Terry Fox Molecular Oncology Group and the Bloomfield Center for Research on Aging, Sir Mortimer B. Davis Jewish General Hospital, Lady Davis Institute for Medical Research, Montréal, Québec, Canada.
EMBO J. 2012 Apr 18;31(8):1865-78. doi: 10.1038/emboj.2012.47. Epub 2012 Feb 28.
In response to DNA damage, cells initiate complex signalling cascades leading to growth arrest and DNA repair. The recruitment of 53BP1 to damaged sites requires the activation of the ubiquitination cascade controlled by the E3 ubiquitin ligases RNF8 and RNF168, and methylation of histone H4 on lysine 20. However, molecular events that regulate the accessibility of methylated histones, to allow the recruitment of 53BP1 to DNA breaks, are unclear. Here, we show that like 53BP1, the JMJD2A (also known as KDM4A) tandem tudor domain binds dimethylated histone H4K20; however, JMJD2A is degraded by the proteasome following the DNA damage in an RNF8-dependent manner. We demonstrate that JMJD2A is ubiquitinated by RNF8 and RNF168. Moreover, ectopic expression of JMJD2A abrogates 53BP1 recruitment to DNA damage sites, indicating a role in antagonizing 53BP1 for methylated histone marks. The combined knockdown of JMJD2A and JMJD2B significantly rescued the ability of RNF8- and RNF168-deficient cells to form 53BP1 foci. We propose that the RNF8-dependent degradation of JMJD2A regulates DNA repair by controlling the recruitment of 53BP1 at DNA damage sites.

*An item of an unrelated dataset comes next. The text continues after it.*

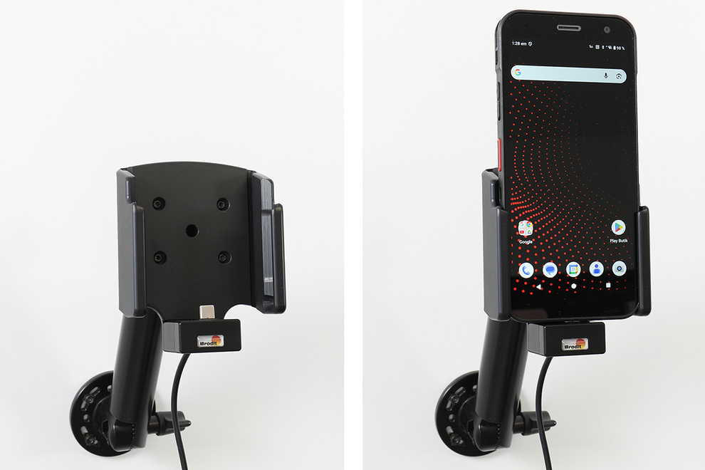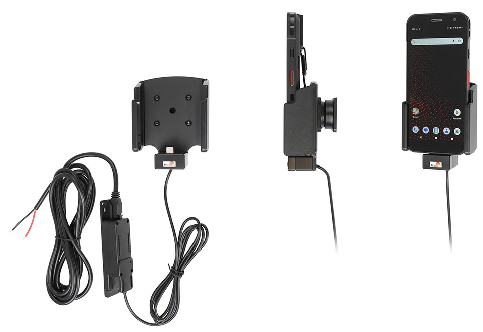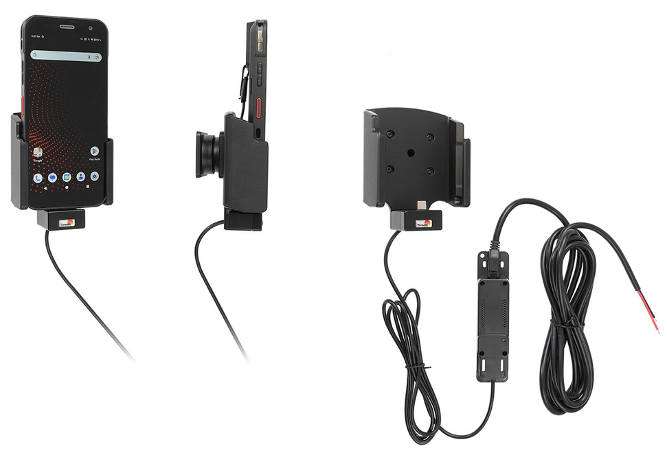 Samochodowy uchwyt ładujący z przewodowym zasilaniem stałym jest przeznaczony do zabudowy w pojeździe w sposób uporządkowany i dyskretny. Zamiast doraźnych ładowarek i przewodów prowadzonych po kokpicie otrzymujesz rozwiązanie, w którym tor zasilania jest poprowadzony na stałe, a urządzenie po włożeniu do uchwytu zostaje ustabilizowane w pozycji pionowej. Taki sposób ekspozycji ekranu ułatwia szybki podgląd informacji, a jednocześnie wspiera bezpieczniejsze korzystanie z terminala w warunkach pracy mobilnej. Uchwyt zaprojektowano tak, aby dokowanie i wyjmowanie jedną ręką było możliwe również wtedy, gdy terminal jest używany z paskiem na dłoń lub bez niego.

针对 DNA 损伤,细胞会启动复杂的信号级联反应,导致生长停滞和 DNA 修复。53BP1 招募到损伤部位需要由 E3 泛素连接酶 RNF8 和 RNF168 控制的泛素化级联反应的激活,以及组蛋白 H4 赖氨酸 20 位的甲基化。然而,调控组蛋白甲基化的可及性,以允许 53BP1 招募到 DNA 断裂的分子事件尚不清楚。在这里,我们发现与 53BP1 类似,JMJD2A(也称为 KDM4A)串联结构域与二甲基化组蛋白 H4K20 结合;然而,JMJD2A 在 DNA 损伤后会被蛋白酶体降解,这种降解依赖于 RNF8。我们证明 JMJD2A 被 RNF8 和 RNF168 泛素化。此外,JMJD2A 的异位表达会阻止 53BP1 招募到 DNA 损伤部位,表明其在拮抗 53BP1 对甲基化组蛋白标记物方面发挥作用。JMJD2A 和 JMJD2B 的联合敲低显著挽救了 RNF8 和 RNF168 缺陷细胞形成 53BP1 焦点的能力。我们提出,RNF8 依赖性 JMJD2A 降解通过控制 53BP1 在 DNA 损伤部位的募集来调节 DNA 修复。